**Aim of the exercise:** The data below holds the lines to copy: everything from the line containing "The Gonzales Road" to the line containing "Figure 2. Collection", both ends included, set down exactly.

*** Opening of Data to use ***

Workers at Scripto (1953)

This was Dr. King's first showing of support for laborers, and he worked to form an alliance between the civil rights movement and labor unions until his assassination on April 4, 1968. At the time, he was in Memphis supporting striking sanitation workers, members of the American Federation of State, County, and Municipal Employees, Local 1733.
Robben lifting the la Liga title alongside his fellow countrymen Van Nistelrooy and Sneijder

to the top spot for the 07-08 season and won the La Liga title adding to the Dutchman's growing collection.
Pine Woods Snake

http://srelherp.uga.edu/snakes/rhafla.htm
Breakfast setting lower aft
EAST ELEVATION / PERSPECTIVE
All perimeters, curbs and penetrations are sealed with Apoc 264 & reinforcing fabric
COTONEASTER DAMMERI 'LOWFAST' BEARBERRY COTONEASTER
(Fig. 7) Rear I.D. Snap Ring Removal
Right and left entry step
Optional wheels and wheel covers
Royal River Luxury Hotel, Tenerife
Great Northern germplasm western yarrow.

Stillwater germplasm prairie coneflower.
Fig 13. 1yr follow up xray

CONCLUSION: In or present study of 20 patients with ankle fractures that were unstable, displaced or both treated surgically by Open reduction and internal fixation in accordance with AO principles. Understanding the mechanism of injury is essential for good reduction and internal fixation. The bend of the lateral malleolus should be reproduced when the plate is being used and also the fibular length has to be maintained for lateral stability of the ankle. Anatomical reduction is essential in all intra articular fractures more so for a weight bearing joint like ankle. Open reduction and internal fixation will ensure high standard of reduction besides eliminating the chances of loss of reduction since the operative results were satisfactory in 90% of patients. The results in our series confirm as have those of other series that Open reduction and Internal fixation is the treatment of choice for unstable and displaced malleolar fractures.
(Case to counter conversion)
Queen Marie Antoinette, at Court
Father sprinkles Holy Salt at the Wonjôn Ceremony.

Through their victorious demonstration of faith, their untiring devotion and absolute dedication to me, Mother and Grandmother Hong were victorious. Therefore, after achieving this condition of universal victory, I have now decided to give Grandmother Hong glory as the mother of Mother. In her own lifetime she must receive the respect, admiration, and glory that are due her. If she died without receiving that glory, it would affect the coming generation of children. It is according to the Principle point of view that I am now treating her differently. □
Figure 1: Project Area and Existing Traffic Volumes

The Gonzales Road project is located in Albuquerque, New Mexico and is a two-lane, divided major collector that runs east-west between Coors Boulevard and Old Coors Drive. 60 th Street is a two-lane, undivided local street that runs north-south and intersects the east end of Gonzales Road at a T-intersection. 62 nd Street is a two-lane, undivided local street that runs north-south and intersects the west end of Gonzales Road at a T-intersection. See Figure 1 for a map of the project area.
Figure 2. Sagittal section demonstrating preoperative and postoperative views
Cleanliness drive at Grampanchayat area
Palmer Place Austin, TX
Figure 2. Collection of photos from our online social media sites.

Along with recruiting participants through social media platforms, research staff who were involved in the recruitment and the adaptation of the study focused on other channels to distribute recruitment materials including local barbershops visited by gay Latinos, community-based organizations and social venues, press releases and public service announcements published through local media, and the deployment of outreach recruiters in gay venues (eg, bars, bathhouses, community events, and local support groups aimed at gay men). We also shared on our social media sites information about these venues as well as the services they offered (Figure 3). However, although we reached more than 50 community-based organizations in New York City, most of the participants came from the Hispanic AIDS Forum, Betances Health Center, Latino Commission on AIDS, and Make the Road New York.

*** Close of Data to use ***

**Answer section:**
The Gonzales Road project is located in Albuquerque, New Mexico and is a two-lane, divided major collector that runs east-west between Coors Boulevard and Old Coors Drive. 60 th Street is a two-lane, undivided local street that runs north-south and intersects the east end of Gonzales Road at a T-intersection. 62 nd Street is a two-lane, undivided local street that runs north-south and intersects the west end of Gonzales Road at a T-intersection. See Figure 1 for a map of the project area.
Figure 2. Sagittal section demonstrating preoperative and postoperative views
Cleanliness drive at Grampanchayat area
Palmer Place Austin, TX
Figure 2. Collection of photos from our online social media sites.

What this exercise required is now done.